I suspect the issue I'm asking about is simply one of inspecting wiring and correcting a short, but thought I'd ask the HAMB braintrust just in case this is something one of y'all has encountered and fixed. The gremlin: In my shoebox (aka 50Fraud), when I go over even a fairly minor pothole or manhole cover in the road, the headlight fuse will blow. On smooth pavement, the lights will stay on an run indefinitely. Here's what I know: The car was rewired when originally built in the mid-late 90's. It's still running a '50 Ford headlight switch, and currently has '52 Ford headlights with halogen bulbs running on relays that have tested good on a relay tester. Taillights are stock '50 Ford units with bayonet-mount LED bulbs (a concession to safety as incandescent bulbs are very hard to see)that have also tested good. Turn signals remain functional when headlight fuse is out or blown. The questions: Any known spots where wiring is vulnerable on a shoebox, like passing through a particular joint or panel?
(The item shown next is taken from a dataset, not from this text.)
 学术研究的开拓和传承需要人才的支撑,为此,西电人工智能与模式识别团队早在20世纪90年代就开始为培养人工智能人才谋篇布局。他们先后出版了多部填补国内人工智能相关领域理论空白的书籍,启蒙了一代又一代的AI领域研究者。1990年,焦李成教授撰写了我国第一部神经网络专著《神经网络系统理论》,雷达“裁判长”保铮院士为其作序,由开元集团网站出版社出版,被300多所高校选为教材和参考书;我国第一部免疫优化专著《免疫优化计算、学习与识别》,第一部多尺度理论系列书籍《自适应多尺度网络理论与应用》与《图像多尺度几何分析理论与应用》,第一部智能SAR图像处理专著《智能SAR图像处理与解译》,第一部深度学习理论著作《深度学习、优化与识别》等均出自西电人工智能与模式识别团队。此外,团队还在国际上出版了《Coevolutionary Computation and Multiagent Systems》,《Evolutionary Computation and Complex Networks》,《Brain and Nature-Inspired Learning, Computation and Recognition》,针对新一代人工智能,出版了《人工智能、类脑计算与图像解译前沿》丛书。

Is the headlight switch known to be problematic? Any general tips on troubleshooting wiring? Thanks in advance!
Is it only the headlights that go out, or do you lose all of them? If it's just the headlights, look at the wiring to/from the headlight relays.
a few questions; What does the headlight fuse protect? The signal circuit from the switch thru the hi/lo switch to the relays OR the feed to the relays? What is the hi/lo switch? Old school floor stomp switch or a turn signal stalk pull? Where are the relays? My first guess is that whatever circuit is shorting out over a bump against ground is probably at the hi/lo wiring on the floor, but that depends on the fuse and switch. Other possibles are along the inner fender and up to the relays, wherever they are located. This is all if the control circuit is fused. If the relay feed is fused, it's going to be those new wires and out to the headlights. The area mentioned by @BJR right at the buckets is a good first place to check. This is where you perform what is called a 'wiggle' test. Turn on the lights and start grabbing a section of the suspect wiring and wiggle it like it would going over a bump. Keep trying to isolate the section that causes the problem.
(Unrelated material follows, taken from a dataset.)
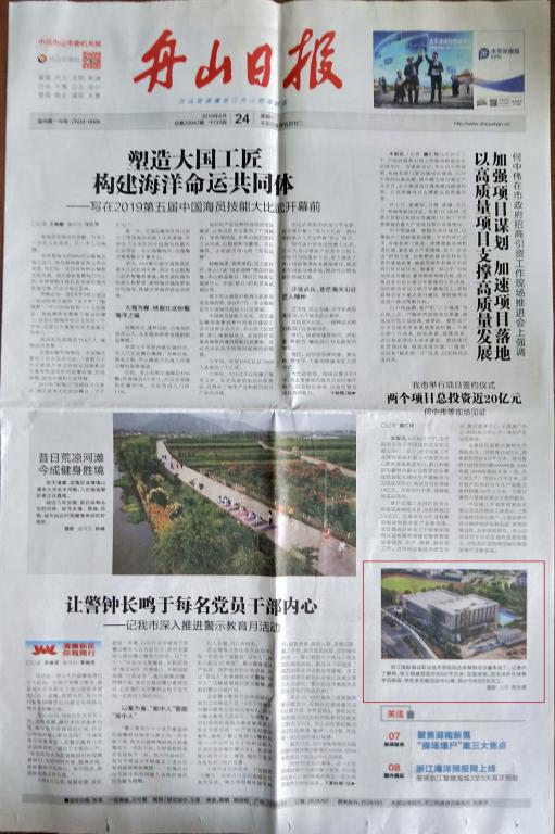 (2019年6月24日《舟山日报》头版图片新闻)

There's no foot switch in the car anymore. There is a toggle under the dash, but it does nothing I can find. There may not be a highbeam selector wired at all right now. Relays are mounted on radiator support behind the grill. Wiring to them looks sound but will take another look when out in the garage and/or I get the car in the air.
Headlight and "regular" taillights. Brakelights and turn signals remain so just limited to that circuit. Relays and wiring look good, but will reinspect when car is up in the air.
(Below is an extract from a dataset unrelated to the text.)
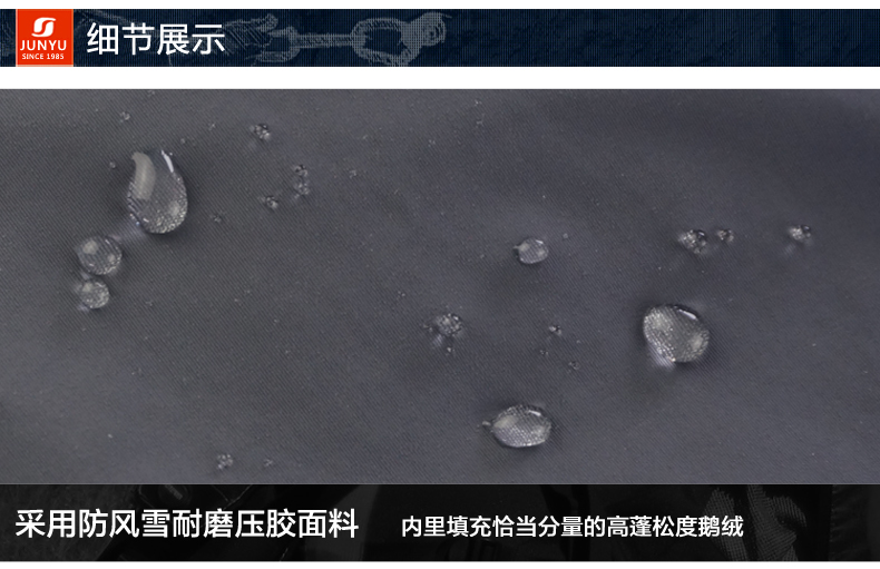 外层面料上,使用防风防雪耐磨压胶防绒面料,经过防水处理,阻止雨水渗入,能保持面料长期干爽、洁净。羽绒采用先车出羽绒隔舱后充绒的方式,缩绒针细针眼搭配粗线的防钻绒工艺。

Blowing a fuse is not going to happen where the wiring is up in the air, only where it can bounce on metal ground. With the tail lights also being affected, it is fused to the switch and control circuit, not the relays. So the wiring from fuse box to switch, from switch to relays. The stuff from the switch forward should be checked carefully since it's either new or the old stuff cut and spliced to bypass the hi/lo switch.
In that case look at your light switch and/or dimmer switch. Brake and turns are on separate circuits. If it has an OEM style switch that's been replaced with an aftermarket one, those are junk.
I fully agree with your point, and I should have maybe been more clear with my response: the car is so low that I have to get it in the air to inspect wiring from the headlights - which may be moot since the wiring between the fuse panel and switch is all under the dash as far as I can tell. I appreciate the tips and specifics!
While I would strongly suggest that all the wiring should be looked at, the wiring from the relays to the headlights are not suspect right now. It's the control circuit from the fuse to the switch and from the switch to the relays. Since the floor switch is bypassed, the wiring probably goes from the switch thru the firewall and along the inner fender to the relays. The hole in the firewall is a strong suspect. Reach under the dash and wiggle the wiring at the switch with the lights on. Also wiggle the wiring near the relays. This can be done with a door and the hood open, no jacking. EDIT: it sounds like the wiring was not done to OE standards, look for any bare wire up under the dash while you are there.
Your car wouldn’t have originally had a relay for the lights. It’d be worth checking where the fuse is in relation to the relay, is it in the power feed to the relay or the signal feed to the relay from the switch. You can then at least narrow down which bit of the wiring to look at.
@Oneball Judging from his reply, I'd say it's the signal feed. I can't see the relays being used to power the tail lights along with the headlights. Crazier things have happened, though.
I can't****ist other than to recommend you avoid driving in Washington state. Aside from the highest gas prices in the US we have some of the roughest roads, highways and freeways in the nation. It will be a dark drive for your car until find and solve your issue.
I had a marker light once that had lost it's glass bulb shell somehow and blew, but under a certain set of circumstances a piece of filament would hit the metal housing and blow a fuse.
I recommend one of these, it's a buzzer/circuit breaker. You put it in place of the fuse and it buzzes when shorted and then resets. The Blue one has a buzzer and the Red one doesn't. https://www.amazon.com/dp/B000RFOP1I/?tag=atomicindus08-20 After it's hooked up start wiggling and tapping everything (relays and switches included). Sometimes the switch can short, so jiggle the stem when the lights are on.